▶ _Data for processing_:
___
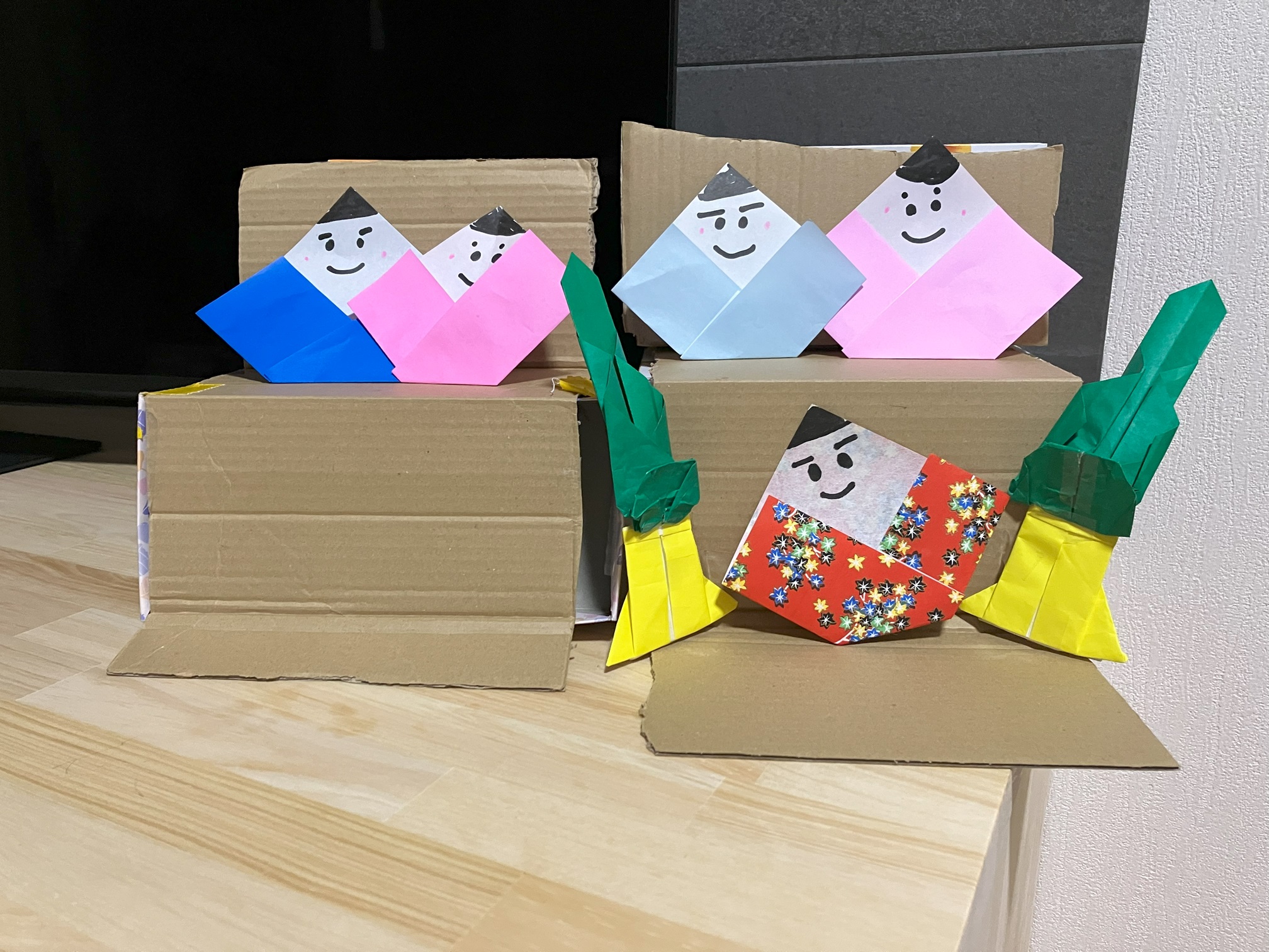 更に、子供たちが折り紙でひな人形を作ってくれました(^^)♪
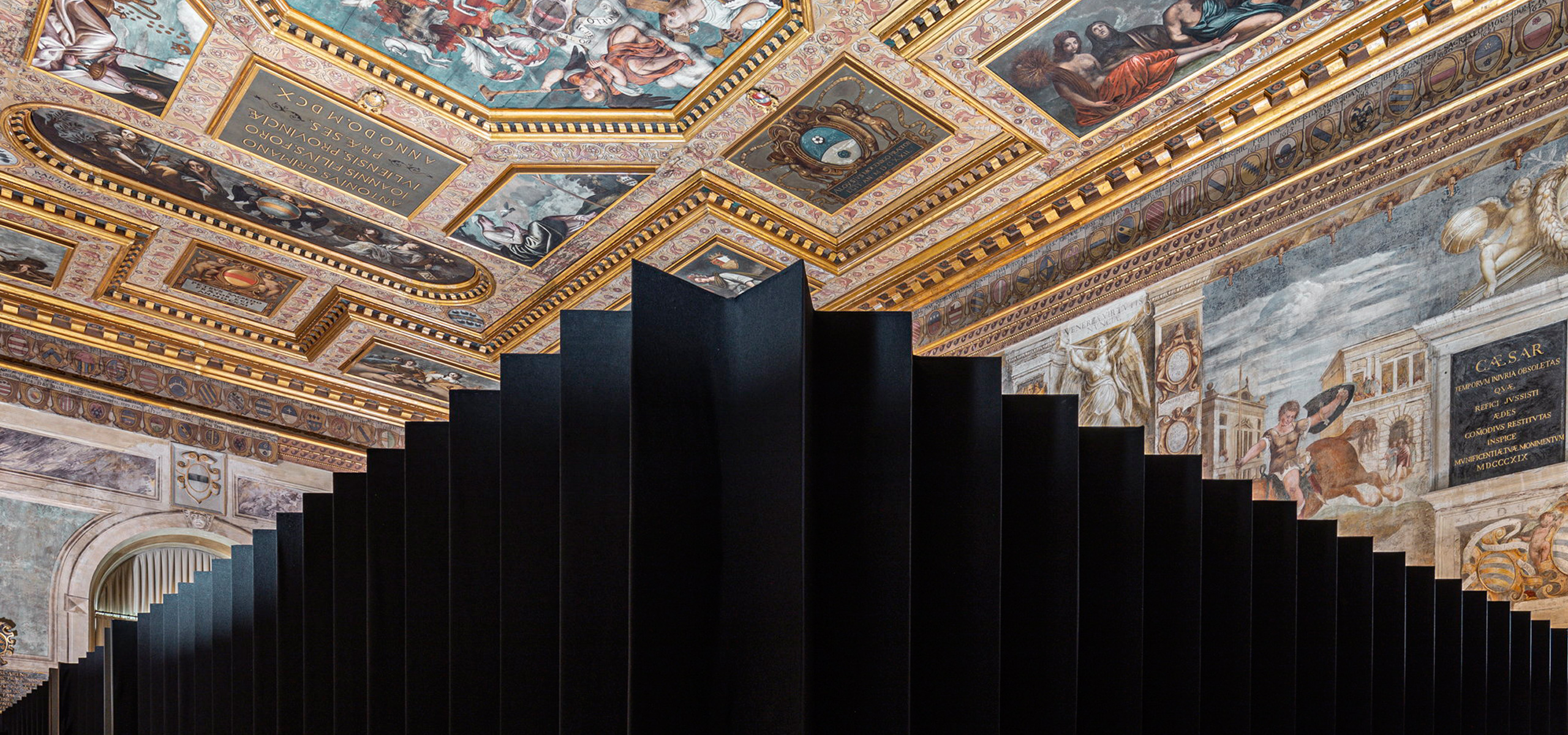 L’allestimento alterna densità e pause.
___
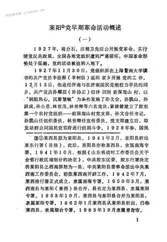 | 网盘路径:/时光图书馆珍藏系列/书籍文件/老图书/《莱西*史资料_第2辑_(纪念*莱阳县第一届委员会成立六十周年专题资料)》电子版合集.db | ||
___
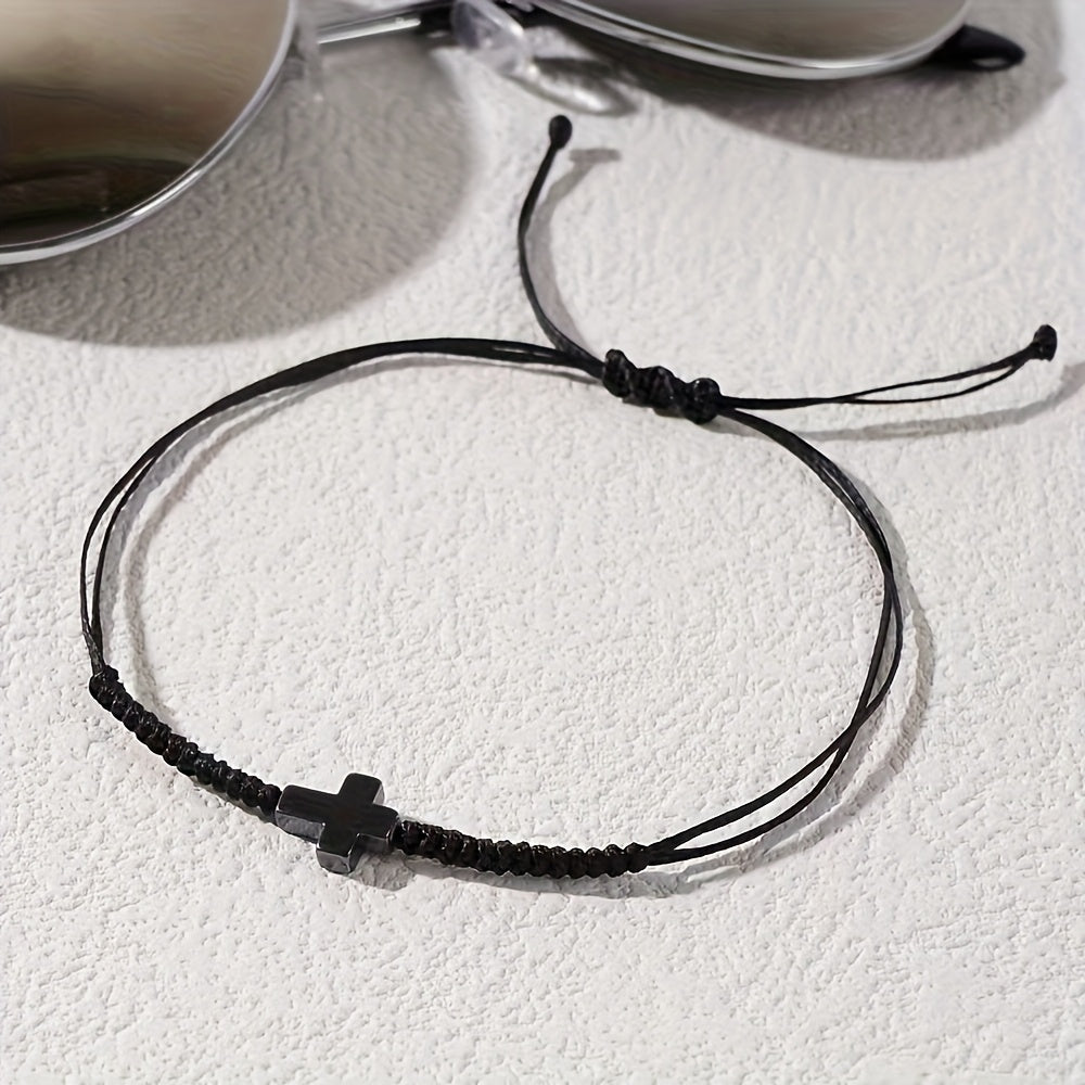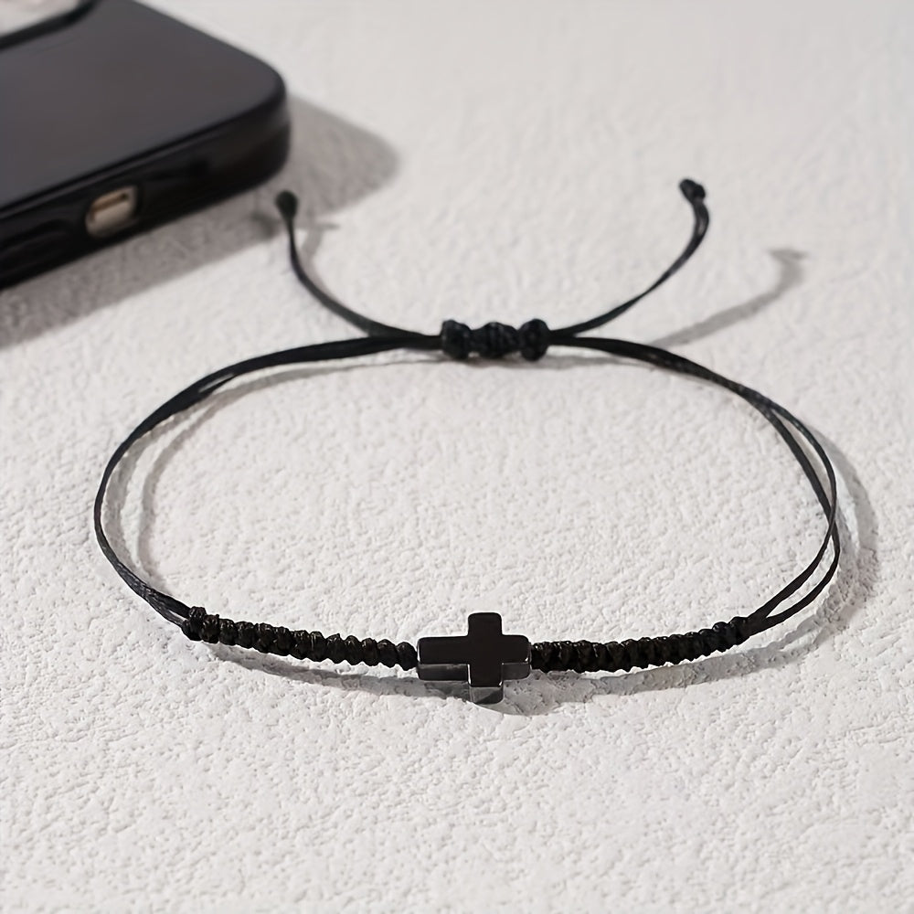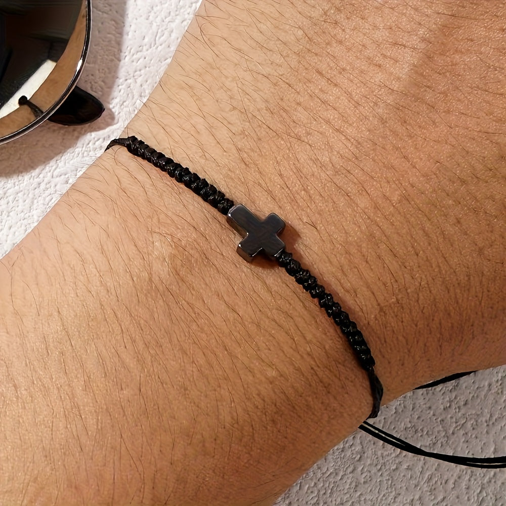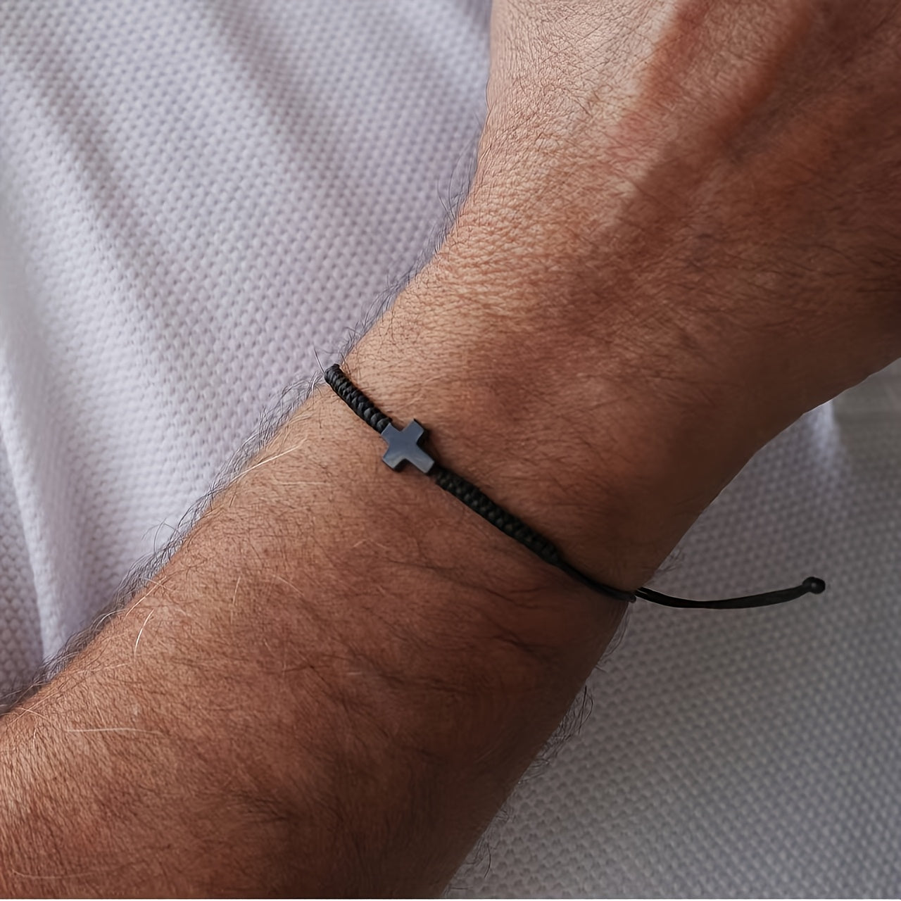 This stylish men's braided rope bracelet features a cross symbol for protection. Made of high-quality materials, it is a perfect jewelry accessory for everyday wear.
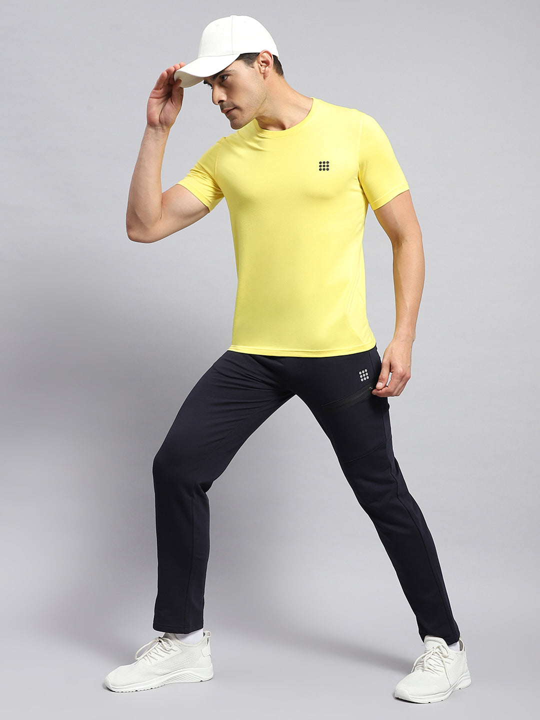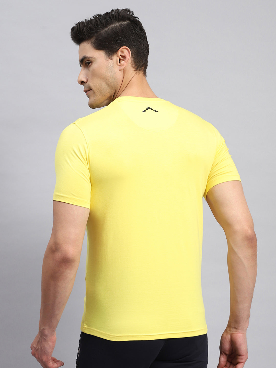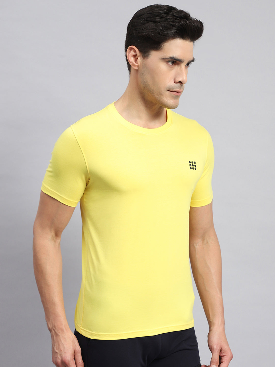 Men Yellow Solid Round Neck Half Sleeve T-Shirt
___
▶ _Task instructions_:
Above are the records; please give again, exactly and in full, only the lines that run from the line with "更に、子供たちが折り紙でひな人形を作ってくれました(^^)♪" through the line with "L’allestimento alterna densità e pause.", with no pictures.

▶ _Your solution_:
 更に、子供たちが折り紙でひな人形を作ってくれました(^^)♪
 L’allestimento alterna densità e pause.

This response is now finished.